When Worlds Collide: Public Issues, Private Lives
Hindsight is infallible. Foresight is a rarer commodity. It’s hardly a novel observation, but it’s worth a periodic reminder. Sometimes, in the course of debating a political issue, someone will raise the specter of accountability to the future. “When your grandchildren will ask you,” they will say, “where were you or what did you do when so-and-so was happening, how will you answer them?” (This challenge is usually posed by those for whom grandchildren are an abstraction. Those of us fortunate enough to have actual grandchildren don’t expect public issues to be a significant component of our relationship with them.)
Of course, if our grandchildren in the future do at some point pose such questions, they will have the benefit of knowing how things turned out. Which issues were truly important, and which turned out to be tangential will be clear to them, as it isn’t to us. News may be the first draft of history, but it’s a very rough draft, subject to constant revisions in light of later events. It’s easy to pass judgment on the actions or inaction of those who lived in another era, without understanding the experiences that created their mindsets.
But the clarity of vision created by hindsight is only part of the story. Most people — at least those who think of themselves as well-informed — live in two worlds. There is the public world from which will be drawn the issues that will loom in history — the ones that might be the subject of such questions — and there is the private world of everyday experience. Occasionally, a public issue is of such obvious moment that it intrudes into our private worlds. (9/11 is an obvious example) But most of the time, when our public and private worlds collide, it is the private world that dominates our attention.
I thought of this reality one day last week when watching one of the late news/opinion programs broadcast on MS-NBC. Even without waiting for the benefits of hindsight, I would venture to predict that the week’s news stories will have staying power. The federal government has been partially shut down for longer than at any other point in American history. The hearing for confirming a new Attorney General focused on seeking adequate assurance that he will not impede the work of Robert Muller, the Special Counsel. Concern over President Trump’s apparent subservience to Russian dictator Vladimir Putin, aggravated by news reports that Trump is looking to destroy the NATO alliance and that he confiscated and destroyed his interpreter’s notes — the only American record of his private meeting with Putin — led eleven Republican Senators, to break ranks on a procedural vote to prevent the Trump administration from removing sanctions on a Russian oligarch close to Putin. Meanwhile, on the other side of the pond, Britain’s House of Commons voted overwhelmingly to reject the separation agreement negotiated with the European Union by the government of Prime Minister Theresa May, although it subsequently rejected a motion of no-confidence in the government. Those votes, together with the EU’s refusal to renegotiate the agreement, has thrown the British government into chaos and risks substantial damage not only to the British economy but to those of the remaining EU countries as well.

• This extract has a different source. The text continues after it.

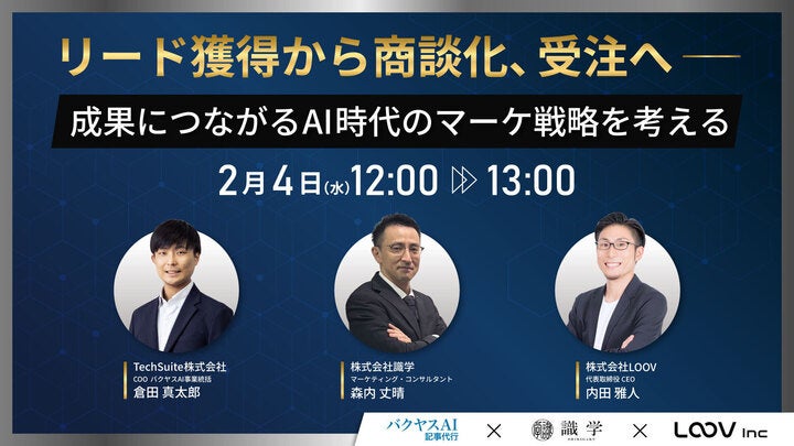 【2月4日(水)|共催ウェビナー開催のお知らせ】「リード獲得から商談化、受注へ ─ 成果につながるAI時代のマーケ戦略を考える」にバクヤスAI 記事代行が登壇

How last week’s events will be viewed by history will depend on what happens next, but it’s hard to imagine a scenario in which those events will not loom large. As I look back on that week, however, the headline-grabbing breaking-news events were merely the backdrop to those personal events that were the real highlights of my week. On Sunday night my daughter and I attended a wedding, of the son of old friends, and my daughter reconnected with an old teacher with whom she had once been close but had subsequently lost contact. On Tuesday evening I made a shiva visit to a woman who had grown up in my former synagogue and whom I had known since she was a teenager. In addition to whatever comfort I was able to offer her on the passing of her father, the shiva visit enabled me to see a few others from my former synagogue, people whom I had not seen in some time. On Wednesday I participated in a board of trustees meeting of my current synagogue, which I serve as president. We discussed issues of importance to the future of the synagogue, though we didn’t reach any final conclusions. The meeting was part of an ongoing process through which we will determine our future. Each of the personal events of last week was important to me, each in its own way, and I expect that I will remember each of them after the specifics of last week’s headlines have faded from my memory.

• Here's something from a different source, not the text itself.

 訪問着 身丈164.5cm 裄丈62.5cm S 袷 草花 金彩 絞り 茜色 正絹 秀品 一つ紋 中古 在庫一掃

I am not arguing against engagement in the public issues of our time. The privilege of living in a democratic society brings with it the responsibility of participating, to greater or lesser degree, in the public debate. The public issues that dominate the headlines affect all of our lives, in some ways that are obvious and others that are less so. But most people live mostly private lives, and most of the time that’s the way it should be. Only on those occasions when a public issue clearly affects our private lives do we have a clear obligation to pay attention, or else be accountable to our grandchildren for our failure.
Unfortunately, there’s no surefire way to know in real time which public issues fall into that category. Only hindsight is infallible.